Moon Sooyeon, Chatterjee Sourav, Seeberger Peter H, Gilmore Kerry
Department of Biomolecular Systems, Max-Planck-Institute of Colloids and Interfaces Am Mühlenberg 1 14476 Potsdam Germany
Freie Universität Berlin, Institute of Chemistry and Biochemistry Arnimallee 22 14195 Berlin Germany.
Chem Sci. 2020 Dec 26;12(8):2931-2939. doi: 10.1039/d0sc06222g.
Predicting the stereochemical outcome of chemical reactions is challenging in mechanistically ambiguous transformations. The stereoselectivity of glycosylation reactions is influenced by at least eleven factors across four chemical participants and temperature. A random forest algorithm was trained using a highly reproducible, concise dataset to accurately predict the stereoselective outcome of glycosylations. The steric and electronic contributions of all chemical reagents and solvents were quantified by quantum mechanical calculations. The trained model accurately predicts stereoselectivities for unseen nucleophiles, electrophiles, acid catalyst, and solvents across a wide temperature range (overall root mean square error 6.8%). All predictions were validated experimentally on a standardized microreactor platform. The model helped to identify novel ways to control glycosylation stereoselectivity and accurately predicts previously unknown means of stereocontrol. By quantifying the degree of influence of each variable, we begin to gain a better general understanding of the transformation, for example that environmental factors influence the stereoselectivity of glycosylations more than the coupling partners in this area of chemical space.

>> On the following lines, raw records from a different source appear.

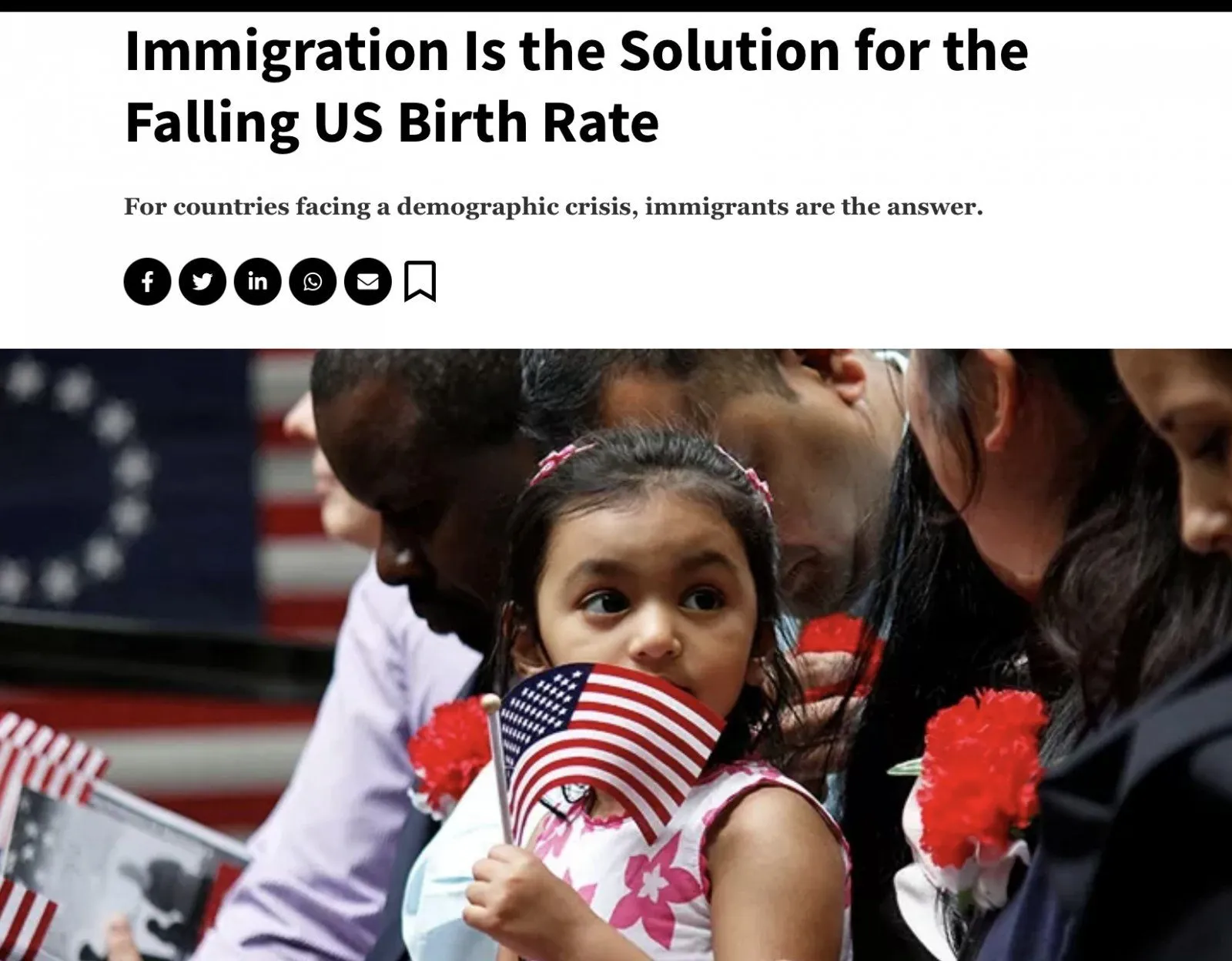 If there's any truth to that then it's on account of the right's racist bent which results in them being unable to understand that the immigrants are the equivalent of American babies being born.Not hardly. The right is more against increasing the population with immigration, especially the horrendous open borders illegal immigration that Joe Biden is presiding over right now.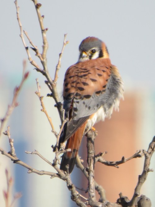 I’m physically closer to the church for this one because I hurried down the two avenue blocks to confirm the sighting. I hadn’t seen Kestrels up here much before this year. Now I do frequently. Two have now been spotted up there together. One day, I saw one up there while a pair was virtually right across the street from me, so I wonder if there are, in fact, two pairs in the area. At the moment, there are definitely a minimum of two males and one female around.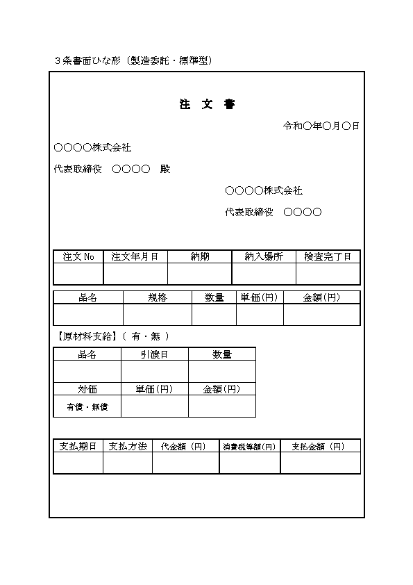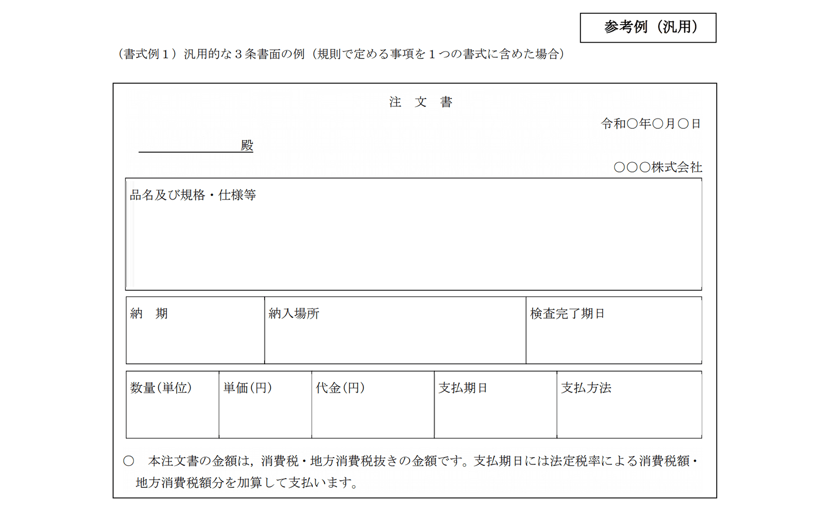 下請法に従い交付する発注書 3条書面 書き方やフォーマットを解説企業顧問・企業法務弁護士相談Cafe。

在机理模糊的转化反应中,预测化学反应的立体化学结果具有挑战性。糖基化反应的立体选择性受到四个化学参与物以及温度等至少十一个因素的影响。使用一个高度可重复、简洁的数据集训练了一种随机森林算法,以准确预测糖基化反应的立体选择性结果。通过量子力学计算对所有化学试剂和溶剂的空间和电子贡献进行了量化。训练后的模型能够在很宽的温度范围内准确预测未知亲核试剂、亲电试剂、酸催化剂和溶剂的立体选择性(总体均方根误差为6.8%)。所有预测都在标准化微反应器平台上进行了实验验证。该模型有助于识别控制糖基化立体选择性的新方法,并准确预测以前未知的立体控制手段。通过量化每个变量的影响程度,我们开始对这种转化反应有更好的总体理解,例如在这个化学空间领域中,环境因素对糖基化立体选择性的影响大于偶联伙伴。